You can buy like a cubic foot of soap for ten dollars. And from what I’ve seen of the pioneer series where folks go out and try to live like pioneers, soap and perfumes and toiletries are valued way more than even food.
Lucky you. Mine, if I had any and could see them, are under 2 feet of snow. lol
Pray for GloBull warming.
Ya need a pressure canner though.
Now that the price of corn has gone up causing meat and milk to go out of sight, they are working on making gasoline from sugar cane.
Thanks, it really does help. I have been thinking about trying them again, and it does help to find someone likes them.

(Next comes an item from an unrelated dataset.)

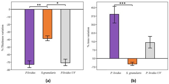 The percentage of thickness variation of non-crosslinked and crosslinked P. lividus scaffolds was significantly higher (Kruskal–Wallis, p < 0.05) than that of S. granularis scaffolds, which are, therefore, significantly more stable. The thickness variation was negative, indicating a decrease in thickness for all the scaffolds. The percentage area variation of the S. granularis scaffolds was significantly lower (Kruskal–Wallis, p < 0.001) than that of P. lividus scaffolds, again suggesting a greater stability. Crosslinked P. lividus scaffolds did not show significantly different values from either of the other two groups considered. P. lividus scaffolds (both cross-linked and non-cross-linked) always showed an increased area, whereas S. granularis scaffolds showed a decreased area (Figure 9).

My mother did all sorts of canning, it is not too bad- just make sure you really understand and follow directions to the letter on things like meat especially. Though my mother canned she had a healthy fear of making us sick and was very careful. She made me so paranoid that I don’t can, but I should.
I still can soups and chili. It’s great to go to the cupboard and have homemade soup there.
How many times has mass starvation been predicted? How many times has it happened?
well, they have my respect. I have tried to grow things, sometimes yes, sometimes no.
Well, starvation in the sense of people starving to death? Not often, but famine and system malnutrition are common.
Never, though, has there been a global shortage of food - usually it’s a local shortage, combined with the inability of people in an area to afford food. Like if Indian subsistence farmers get hit with a long drought, they themselves have no produce to market, and then can’t afford the available food. Hoarding compounds the problem. The green revolution fixed a lot of the problem for india, but it is pervasive in less well-developed countries.
A lot of it has to do with governmental intervention - farm subsidies mess with the ability of third-world farmers (the people with the competitive advantage in this labor and land-intensive industry) to compete, especially for textiles like cotton, etc.
It would make a lot more sense for governments to spend a fraction of their subsidy expenditures on ensuring food stockpiles, and then let the market do its thing.